(MATERIAL FOR THIS EXERCISE begins)
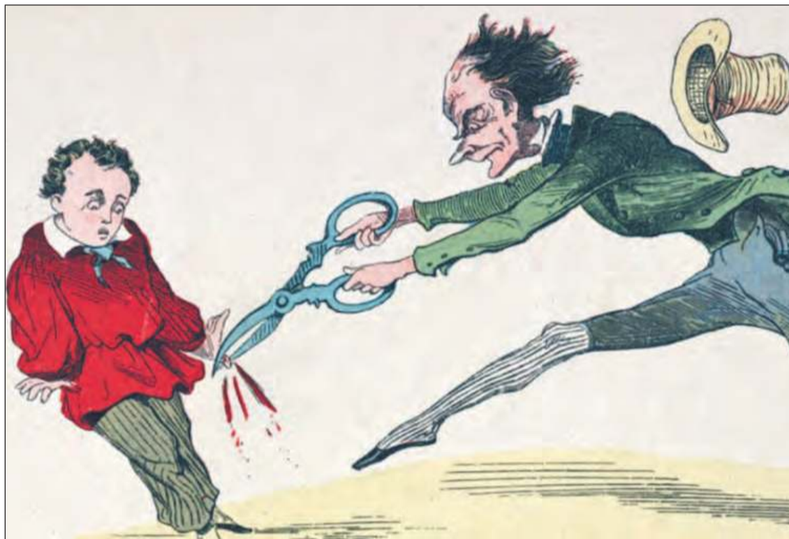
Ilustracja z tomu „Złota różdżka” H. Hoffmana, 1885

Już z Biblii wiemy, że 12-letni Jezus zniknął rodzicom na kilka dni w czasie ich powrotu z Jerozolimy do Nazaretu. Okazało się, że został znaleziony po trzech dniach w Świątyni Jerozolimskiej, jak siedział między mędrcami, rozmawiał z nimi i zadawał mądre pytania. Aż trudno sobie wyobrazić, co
(MATERIAL FOR THIS EXERCISE ends)
(MATERIAL FOR THIS EXERCISE begins)
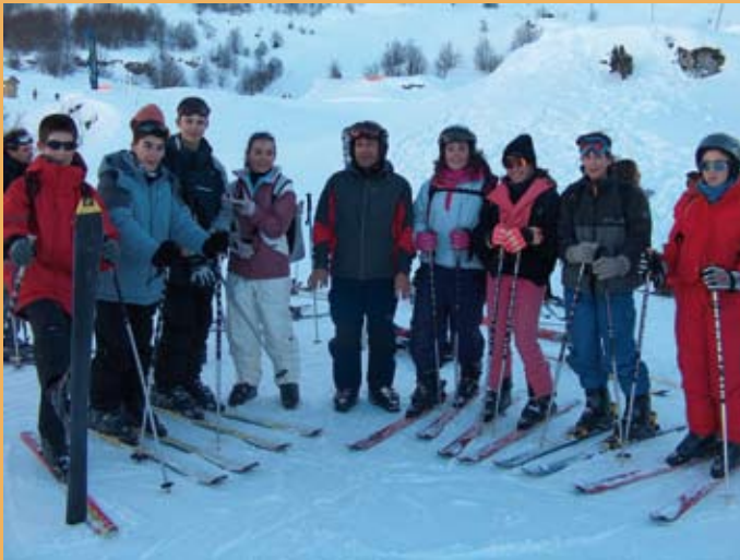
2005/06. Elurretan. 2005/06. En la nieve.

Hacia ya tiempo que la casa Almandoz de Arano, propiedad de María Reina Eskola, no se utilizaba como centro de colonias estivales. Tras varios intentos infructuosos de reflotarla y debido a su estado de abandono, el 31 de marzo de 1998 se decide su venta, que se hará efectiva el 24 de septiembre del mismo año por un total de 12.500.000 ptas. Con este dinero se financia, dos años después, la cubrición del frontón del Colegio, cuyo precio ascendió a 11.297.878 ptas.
(MATERIAL FOR THIS EXERCISE ends)
ABOUT THIS TASK – Each line in the entries above, starting at the line with "Ilustracja z tomu" and ending at the line with "Już z Biblii", is to be printed exactly, and only those lines.

OUTPUT FOR THIS TASK –
Ilustracja z tomu „Złota różdżka” H. Hoffmana, 1885

Już z Biblii wiemy, że 12-letni Jezus zniknął rodzicom na kilka dni w czasie ich powrotu z Jerozolimy do Nazaretu. Okazało się, że został znaleziony po trzech dniach w Świątyni Jerozolimskiej, jak siedział między mędrcami, rozmawiał z nimi i zadawał mądre pytania. Aż trudno sobie wyobrazić, co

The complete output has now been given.